Question 72. If y = 5^{x} – 5^{−x}, which point lies on the graph? A) (0,0) B) (1,0) C) (−1,0) D) (2,0)** Answer: A Explanation: At x=0, 5^{0}=1 and 5^{0}=1, so y=1−1=0. Question 73. Which of the following is the correct derivative of y = log_{2}(x^3)? A) 3/(x·ln2) B) 3·ln2 / x C) 3·x·ln2 D) 1/(3x·ln2)** Answer: A Explanation: log_{2}(x^3)= (3 ln x)/ln2 ⇒ derivative = (3/x)/ln2 = 3/(x·ln2). Question 74. Solve for x: 10^{2x}=0.001. A) x=−1.5 B) x=−3 C) x=−0.5 D) x=1.5** Answer: A Explanation: 0.001 = 10^{−3}. So 10^{2x}=10^{−3} ⇒ 2x=− 3 ⇒ x=−1.5. Question 75. If f(x)=e^{x} and g(x)=ln(x), what is f(g(7))?
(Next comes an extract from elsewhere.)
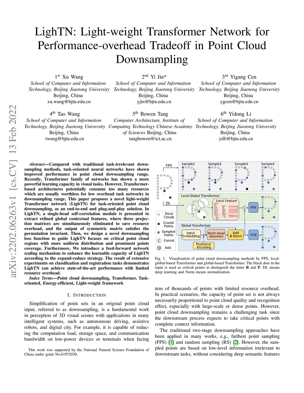 Compared with traditional task-irrelevant downsampling methods, task-oriented neural networks have shown improved performance in point cloud downsampling range. Recently, Transformer family of networks has shown a more powerful learning capacity in visual tasks. However, Transformer-based architectures potentially consume too many resources which are usually worthless for low overhead task networks in downsampling range. This paper proposes a novel light-weight Transformer network (LighTN) for task-oriented point cloud downsampling, as an end-to-end and plug-and-play solution. In LighTN, a single-head self-correlation module is presented to extract refined global contextual features, where three projection matrices are simultaneously eliminated to save resource overhead, and the output of symmetric matrix satisfies the permutation invariant. Then, we design a novel downsampling loss function to guide LighTN focuses on critical point cloud regions with more uniform distribution and prominent points coverage. Furthermore, We introduce a feed-forward network scaling mechanism to enhance the learnable capacity of LighTN according to the expand-reduce strategy. The result of extensive experiments on classification and registration tasks demonstrates LighTN can achieve state-of-the-art performance with limited resource overhead.

A) 7 B) e^{7} C) ln(7) D) 1** Answer: A Explanation: g(7)=ln(7); then f(ln(7))=e^{ln(7)}=7. Question 76. Which of the following represents the solution to the equation 4^{x}=2^{x+2}? A) x=2 B) x=4 C) x=1 D) x=0**

Equations Exam

Answer: C Explanation: Write 4^{x}=(2^2)^{x}=2^{2x}. Equation: 2^{2x}=2^{x+2} ⇒ 2x = x+2 ⇒ x=2. Wait x=2, option A. Let's correct. Answer: A Explanation: Solving gives x=2. Question 77. What is the domain of the function h(x)=log_{5}(x^2−4)? A) x>2 or x<−2 B) x>4 C) x≠±2 D) All real numbers** Answer: A Explanation: Argument must be positive: x^2−4>0 ⇒ (x−2)(x+2)>0 ⇒ x>2 or x<−2. Question 78. If y = 3^{x} + 3^{−x}, what is the minimum value of y? A) 2 B) 0 C) 1 D) √2** Answer: A Explanation: By AM≥GM, 3^{x}+3^{−x} ≥ 2√(3^{x}·3^{−x}) = 2. Minimum occurs at x=0. Question 79. Which of the following is the correct simplification of log_{2}(8)·log_{8}(2)? A) 1 B) 2 C) 3 D) 4** Answer: A Explanation: log_{2}(8)=3, log_{8}(2)=1/3; product =1.